RAW DATA ->
+++
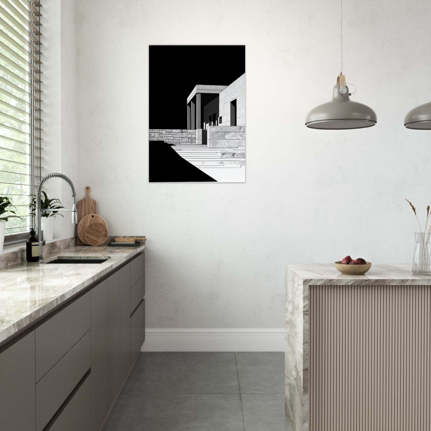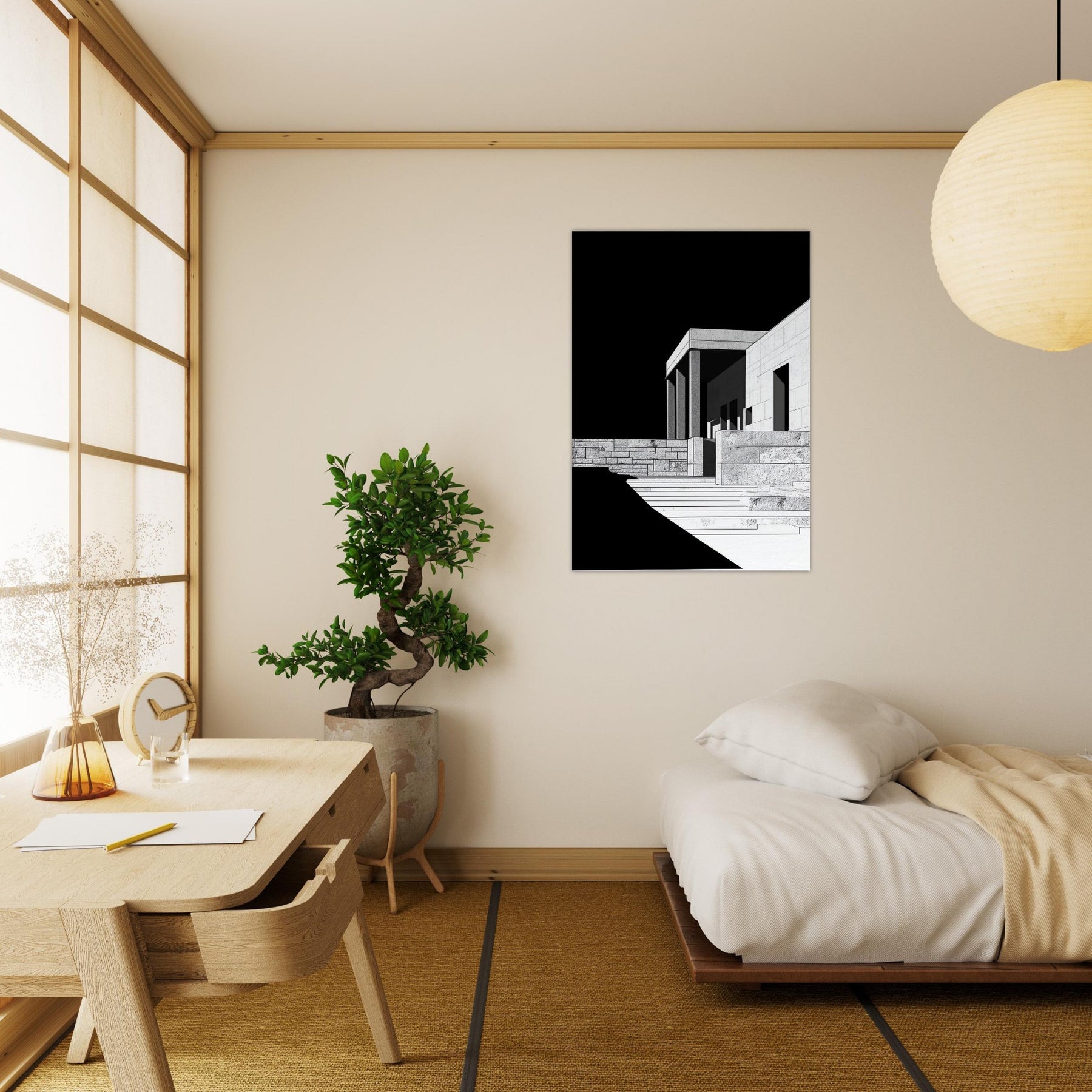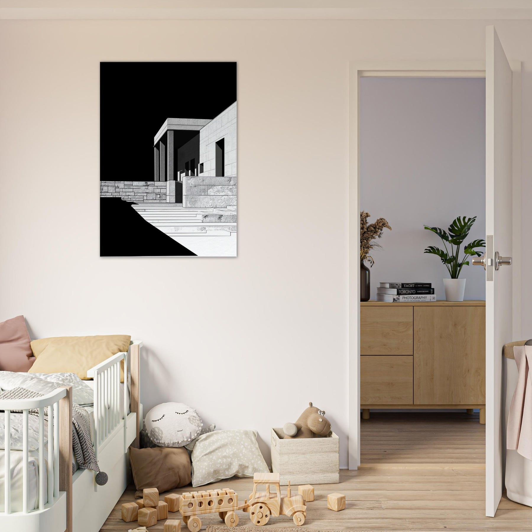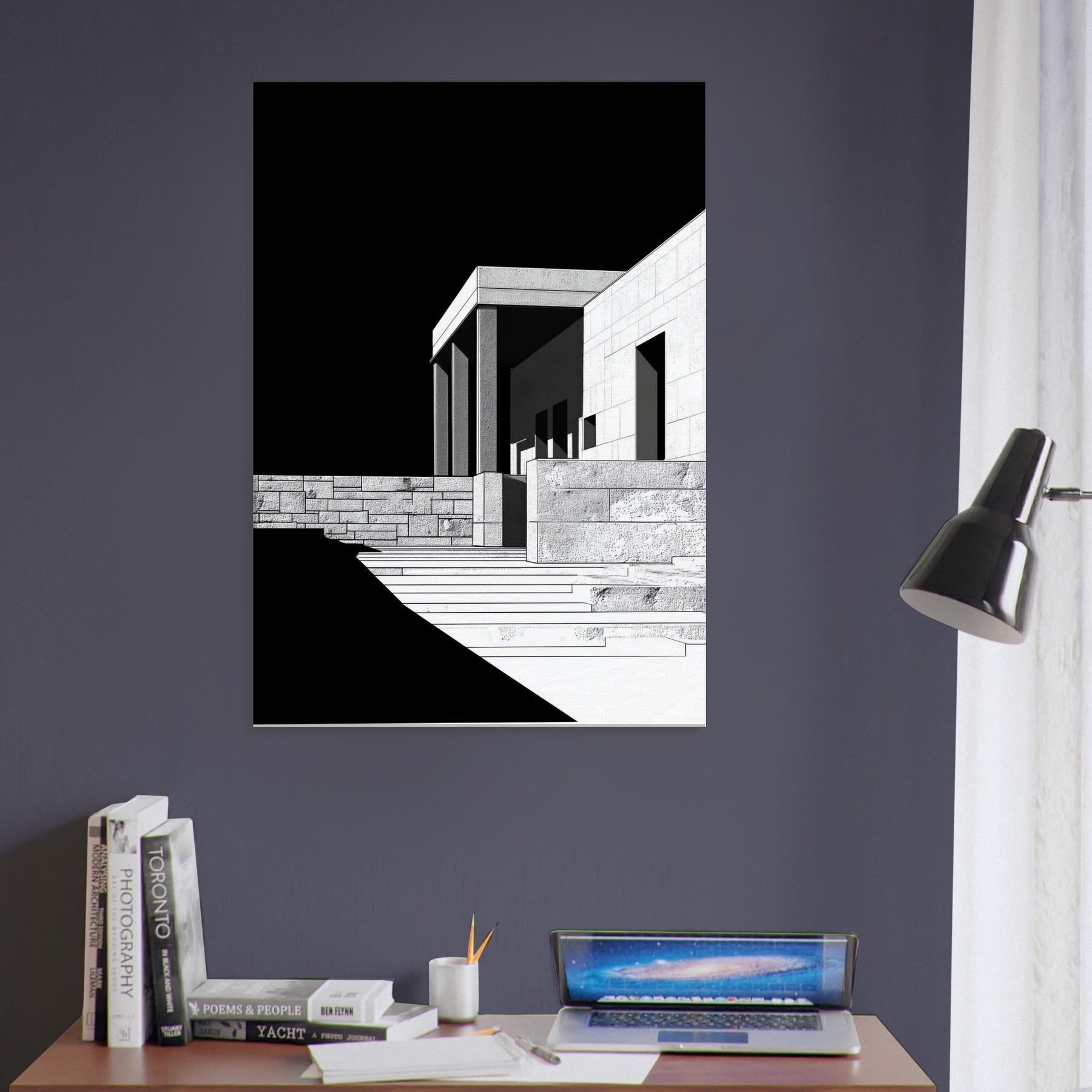 An architectural promenade rendered in crisp black and white, this line art study of Athens invites the eye to stroll along stepped terraces and colonnades. The bold negative space and precise angles create a quiet, contemplative mood that pairs perfectly with a living room or study. The piece lends a sense of structure and calm, echoing timeless city shadows while remaining utterly modern. Hang it where light meets form to elevate daily rituals into a moment of museum like stillness.
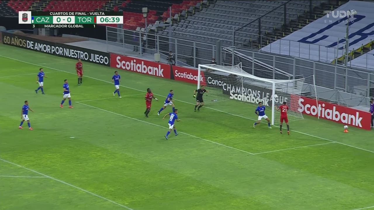 El cabezazo de Jonathan Osorio buscó colarse al segundo poste del arco de Cruz Azul al 6’.
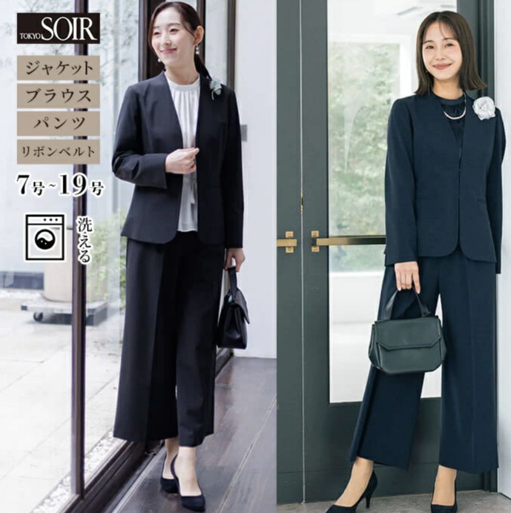 セレモニースーツなどのフォーマルファッションのブランドとして圧倒的な知名度を誇る東京ソワール。上質な素材とフォーマルな場にふさわしいデザインは王道スタイルで様々なシーンで使えます。ジャケットが2着セットなのでシーンに合わせて使い分けられます。
+++
PROBLEM STATEMENT -> Please repeat the data verbatim and leave the pictures out of your copy.

OUTPUT FOR THIS EXERCISE ->
 An architectural promenade rendered in crisp black and white, this line art study of Athens invites the eye to stroll along stepped terraces and colonnades. The bold negative space and precise angles create a quiet, contemplative mood that pairs perfectly with a living room or study. The piece lends a sense of structure and calm, echoing timeless city shadows while remaining utterly modern. Hang it where light meets form to elevate daily rituals into a moment of museum like stillness.
 El cabezazo de Jonathan Osorio buscó colarse al segundo poste del arco de Cruz Azul al 6’.
 セレモニースーツなどのフォーマルファッションのブランドとして圧倒的な知名度を誇る東京ソワール。上質な素材とフォーマルな場にふさわしいデザインは王道スタイルで様々なシーンで使えます。ジャケットが2着セットなのでシーンに合わせて使い分けられます。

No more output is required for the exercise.